The Admirable Carfew: Edgar Wallace

If Anthony The Brigand Newton made a living by gently taking some cream off the well-endowed and Jack The Iron Grip Bryce by handling difficult cases for a law firm through a combination of brain and brawn, the admirable Felix Carfew survives in spite of himself, and through extra-large portions of luck, “a man who attracted money to him by the exercise of one set of qualities, and repelled it by the employment of another set”. His broker, Parker of Parker & Parker, puts up with him as would the rich father of a benign idiot. Of course, Carfew has a different take on his life. He believes that “the division of responsibility as between Carfew and Providence was so arranged that, if things turned out well, Carfew had succeeded in spite of Providence, and if they failed, they had failed in spite of Carfew.”

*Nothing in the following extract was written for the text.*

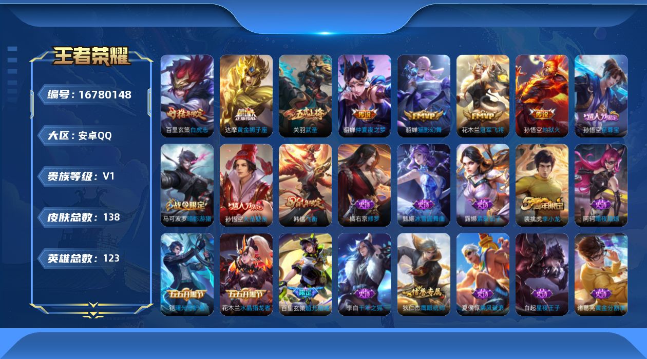 [16780148]安卓Q-138皮肤-7传说-35史诗 【传说皮肤】:关羽武圣,貂蝉猫影幻舞,达摩黄金狮子座,百里玄策白虎志,花木兰冠军飞将,貂蝉仲夏夜之梦,孙悟空地狱火 【限定皮肤】:狄仁杰阴阳师,赵云皇家上将,阿轲迷踪丽影,芈月重明,夏侯惇朔风刀,曹操烛龙,典韦穷奇,马可波罗暗影游猎,狄仁杰魔术师,狄仁杰万华元夜,项羽海滩派对,老夫子醍醐杖,关羽武圣,程咬金演武夺筹,刘邦夺宝奇兵,韩信飞衡,孙悟空至尊宝,孙悟空大圣娶亲,牛魔御旌,钟馗驱傩正仪,哪吒逐梦之翼,干将莫邪胡桃夹子,雅典娜单词大作战,蔡文姬繁星吟游,太乙真人饕餮,鬼谷子原初探秘者,百里玄策白虎志,百里玄策原初追逐者,弈星混沌棋,沈梦溪大漠名商,明世隐疑决卦,裴擒虎李小龙,狂铁御狮,米莱狄御霄,盾山御銮,猪八戒西部大镖客,蒙犽狂想玩偶喵,鲁班大师探海日志,桑启海盐诗旅,张良古海寻踪,鬼谷子天穹祈灯,百里玄策超元猎域,周瑜熔金海岸 【年限皮肤】:百里玄策白虎志,韩信飞衡 【赛季限定】:太乙真人饕餮,曹操烛龙,芈月重明,典韦穷奇,狂铁御狮,米莱狄御霄,牛魔御旌,盾山御銮,夏侯惇朔风刀,弈星混沌棋,明世隐疑决卦,老夫子醍醐杖,鬼谷子原初探秘者,狄仁杰万华元夜,程咬金演武夺筹,钟馗驱傩正仪,沈梦溪大漠名商,桑启海盐诗旅,鲁班大师探海日志,张良古海寻踪,鬼谷子天穹祈灯,百里玄策原初追逐者 【战令限定】:阿轲迷踪丽影,刘邦夺宝奇兵,马可波罗暗影游猎,猪八戒西部大镖客,蒙犽狂想玩偶喵,雅典娜单词大作战 【史诗皮肤】:露娜紫霞仙子,阿轲暗夜猫娘,赵云皇家上将,貂蝉圣诞恋歌,甄姬冰雪圆舞曲,王昭君偶像歌手,狄仁杰魔术师,宫本武藏鬼剑武藏,孙尚香水果甜心,嬴政摇滚巨星,墨子金属风暴,李白千年之狐,韩信白龙吟,孙悟空至尊宝,花木兰水晶猎龙者,刘邦德古拉伯爵,夏侯惇乘风破浪,兰陵王暗隐猎兽者,诸葛亮黄金分割率,亚瑟心灵战警,铠曙光守护者,哪吒逐梦之翼,白起星夜王子,孙悟空大圣娶亲,狄仁杰鹰眼统帅,蔡文姬繁星吟游,韩信飞衡,阿轲迷踪丽影,橘右京修罗,马可波罗暗影游猎,蒙犽狂想玩偶喵,百里玄策原初追逐者,裴擒虎李小龙,百里玄策热力回旋,百里玄策超元猎域 【其他皮肤】:项羽海滩派对,韩信教廷特使,韩信街头霸王,露娜哥特玫瑰,阿轲爱心护理,达摩大发明家,扁鹊化身博士,安琪拉玩偶对对碰,姜子牙时尚教父,妲己少女阿狸,典韦黄金武士,花木兰兔女郎,刘备万事如

Starting off with a lucky break after being mistaken for a famous reporter with the same last name, Felix Carfew mostly flukes through the fifteen stories in this collection, selling a dud invention here, befriending a lord here and a rebel brigand there and generally surviving bankruptcy and his own ineptness.

In The Eccentric Mr. Gobleheim, for a change luck walks into Carfew’s life in the form of the eccentric duo of Lewis & Gobleheim, who actually offer him an unbelievably good deal. And our admirable protagonist chooses precisely that moment to smell a confidence trickster. Thus losing a cool deal in the bargain.

Patriots is a bit of a mini-classic, pitting the US against the UK, specifically New York versus London, in terms of their appreciation of theatre.

Tobbins, Limited, the longest story of the lot, takes a dig at advertising and sales promotion, with the subtly named advertising agency, Exploitation Publicity Company. The tale is perhaps a reflection of its times, when advertising was not considered an above-board strategy. It is also one of the few tales in the collection in which Carfew actually succeeds consciously and without the benefit of accidents.

One and Sevenpence Ha’penny provides a delightful ending to a largely interesting collection. It has shades of the last episode of Jeffrey Archer’s Not a Penny Less, Not a Penny More. Carfew counts his fortune and finds himself one and sevenpence ha’penny” short of thirty-five thousand pounds. So he goes out to earn it. And in the process, his close circle, his servant Villiers, his broker Parker, an old associate Wilner and his business partner May Tobbin and her father all think Carfew has gone mad. And as with Anthony Newton and Jack Bryce, Carfew gets hitched in the end.

Dedicated and committed Plum fans may disagree violently, but in The Admirable Carfew, Edgar Wallace is as delightful as PG Wodehouse in terms of humour and protagonist characterisation.

Carfew’s view of life was that all the past had been ordered for his comfort.

Thus Edison had been born on a certain day in order that he might have his many electric appliances ready against Carfew reaching maturity. Stephenson had worked with no other object in view than that he should have railways shipshape by the time Carfew could afford to travel first class.

Carfew could perhaps have been as memorable a character as Bertie Wooster. A pity, then, that Wallace did not take Felix Carfew beyond this book.